| AVAILABLE DATA |
^^^^

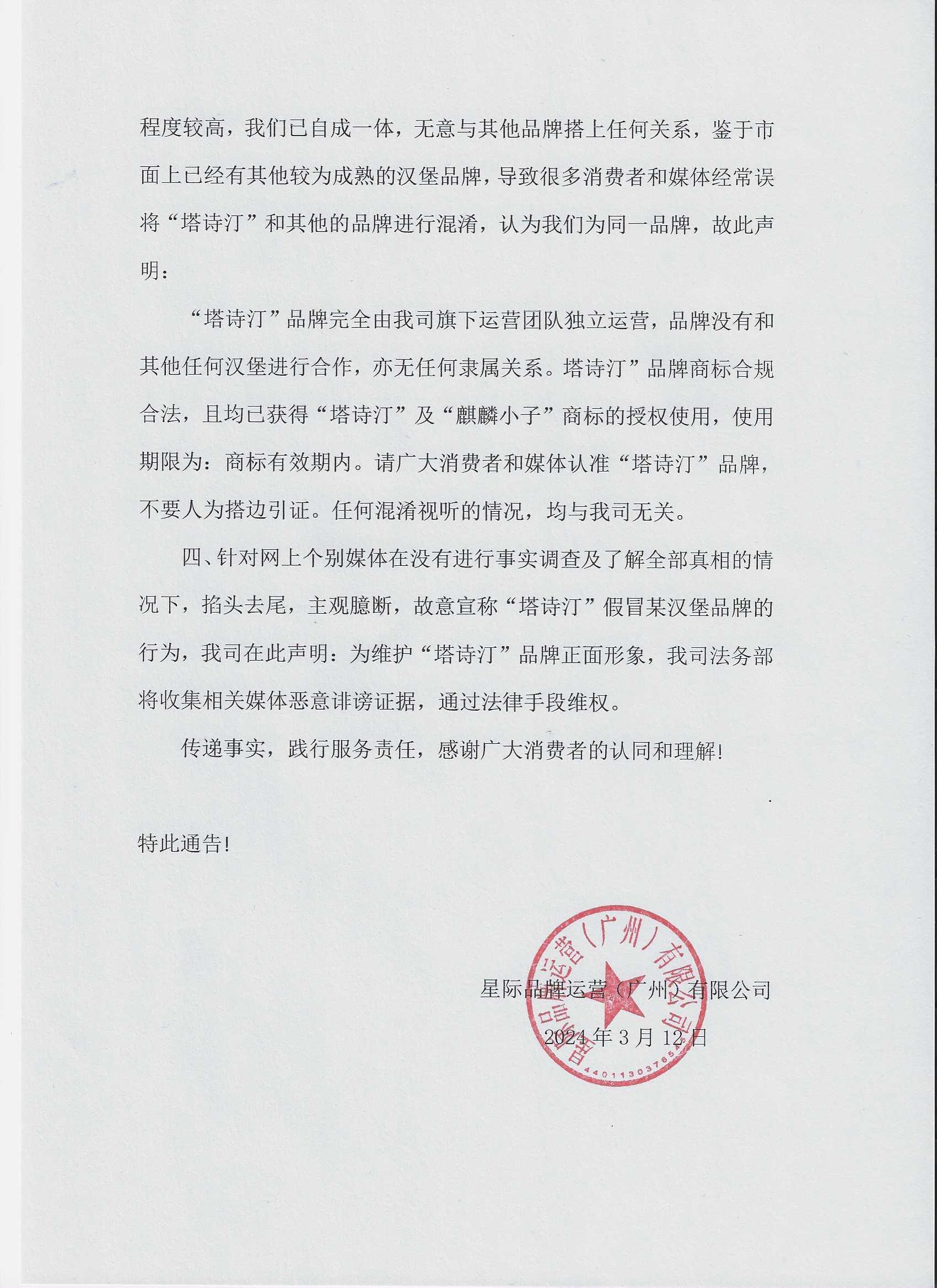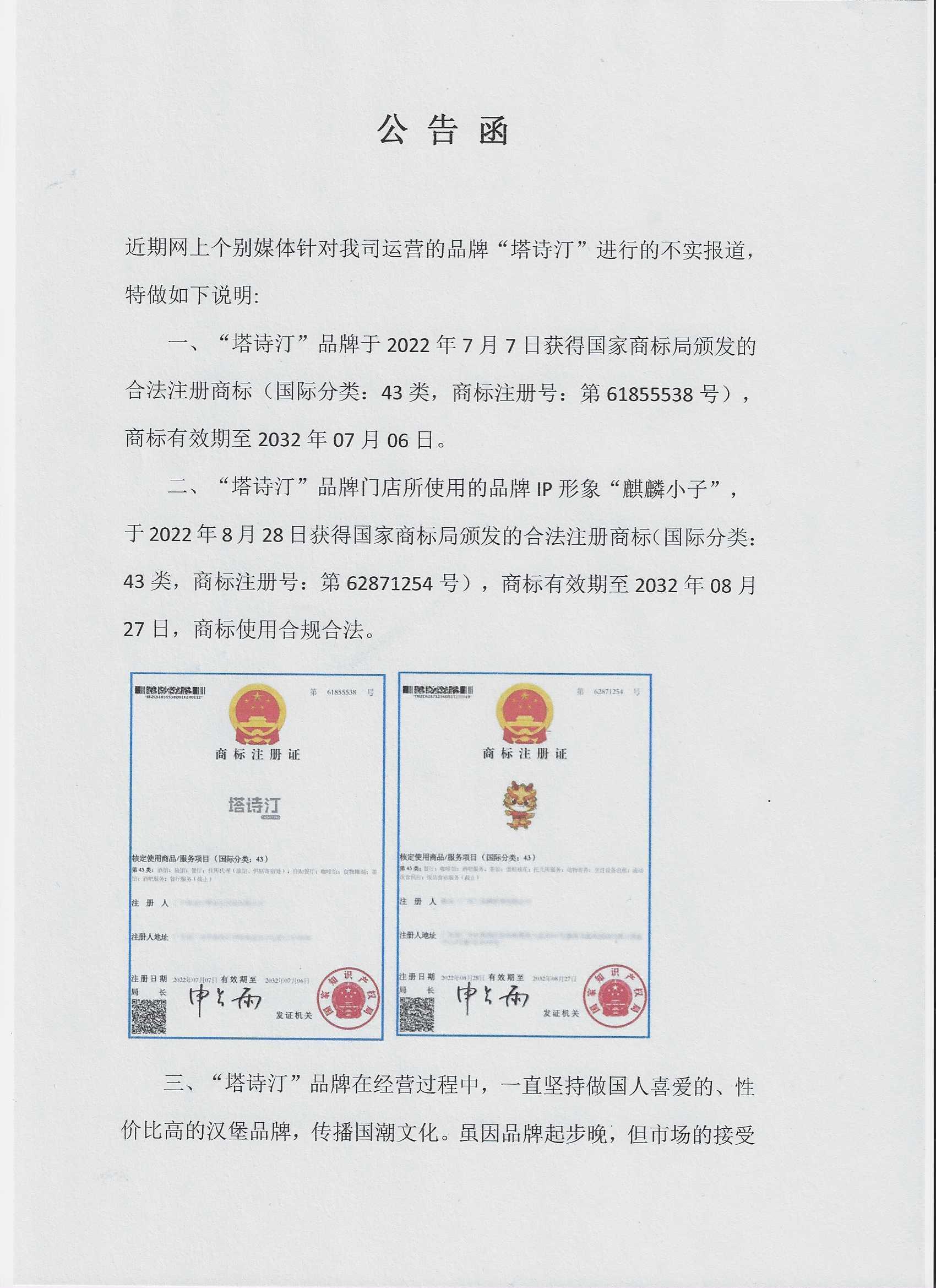 首先,我们郑重声明,“塔诗汀”品牌是我司独立运营的品牌,拥有完整的自主知识产权。自品牌创立以来,我们始终坚守诚信经营的原则,致力于为广大消费者提供优质的汉堡产品和服务。我们的品牌商标“塔诗汀”及门店所使用的品牌IP形象“麒麟小子”均已经获得国家商标局的合法注册,并获得了相应的商标注册证书,商标使用合规合法。
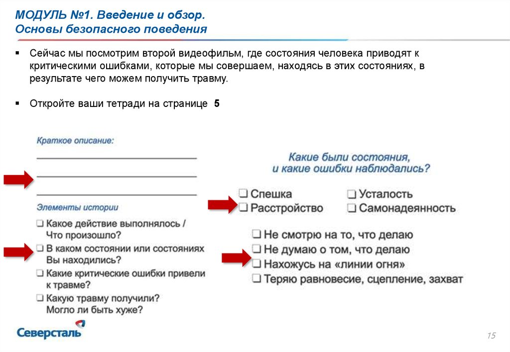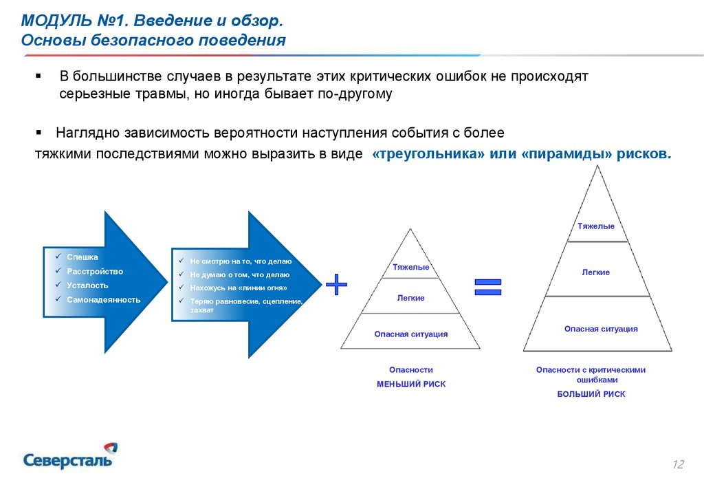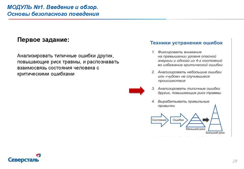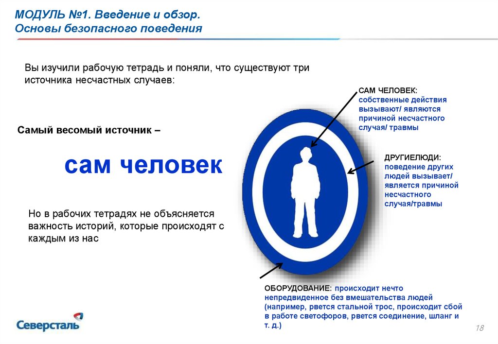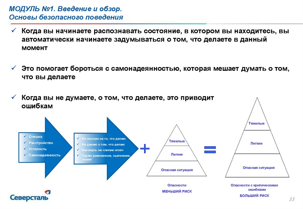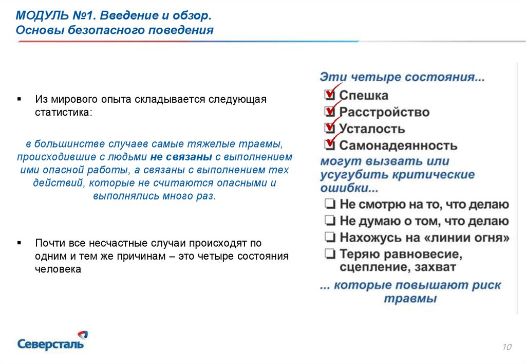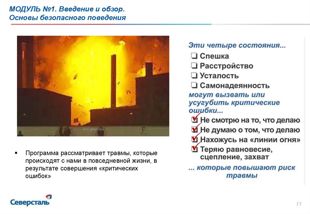 безопасного поведения» в ПАО «Северсталь» снижение количества травм на 50 %.
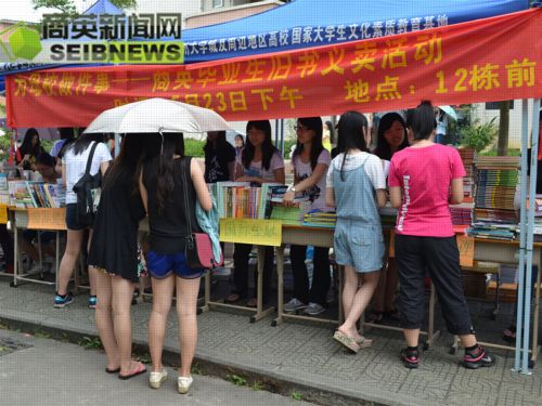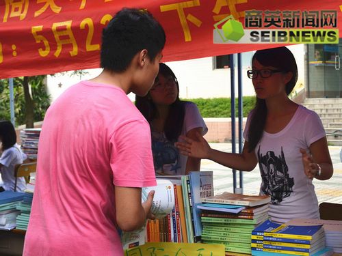 本次义卖活动通过收集商英09届毕业生的旧书,包括各专业的教材、考试资料以及课外书籍等,进行分类整理,低价出售。其种类繁多,价格低廉,深受低年级学生的关注。在义卖的摊位前,买书的学生络绎不绝,争相购买,尤其是大一的学生,他们大多数满载而归。尽管天气闷热,义卖队员们依旧耐心而细致地介绍各类书籍,解答疑问,在服务过程中不忘带着微笑。

^^^^

Above is a listing with pictures. Write it out exactly without them.

 首先,我们郑重声明,“塔诗汀”品牌是我司独立运营的品牌,拥有完整的自主知识产权。自品牌创立以来,我们始终坚守诚信经营的原则,致力于为广大消费者提供优质的汉堡产品和服务。我们的品牌商标“塔诗汀”及门店所使用的品牌IP形象“麒麟小子”均已经获得国家商标局的合法注册,并获得了相应的商标注册证书,商标使用合规合法。
 безопасного поведения» в ПАО «Северсталь» снижение количества травм на 50 %.
 本次义卖活动通过收集商英09届毕业生的旧书,包括各专业的教材、考试资料以及课外书籍等,进行分类整理,低价出售。其种类繁多,价格低廉,深受低年级学生的关注。在义卖的摊位前,买书的学生络绎不绝,争相购买,尤其是大一的学生,他们大多数满载而归。尽管天气闷热,义卖队员们依旧耐心而细致地介绍各类书籍,解答疑问,在服务过程中不忘带着微笑。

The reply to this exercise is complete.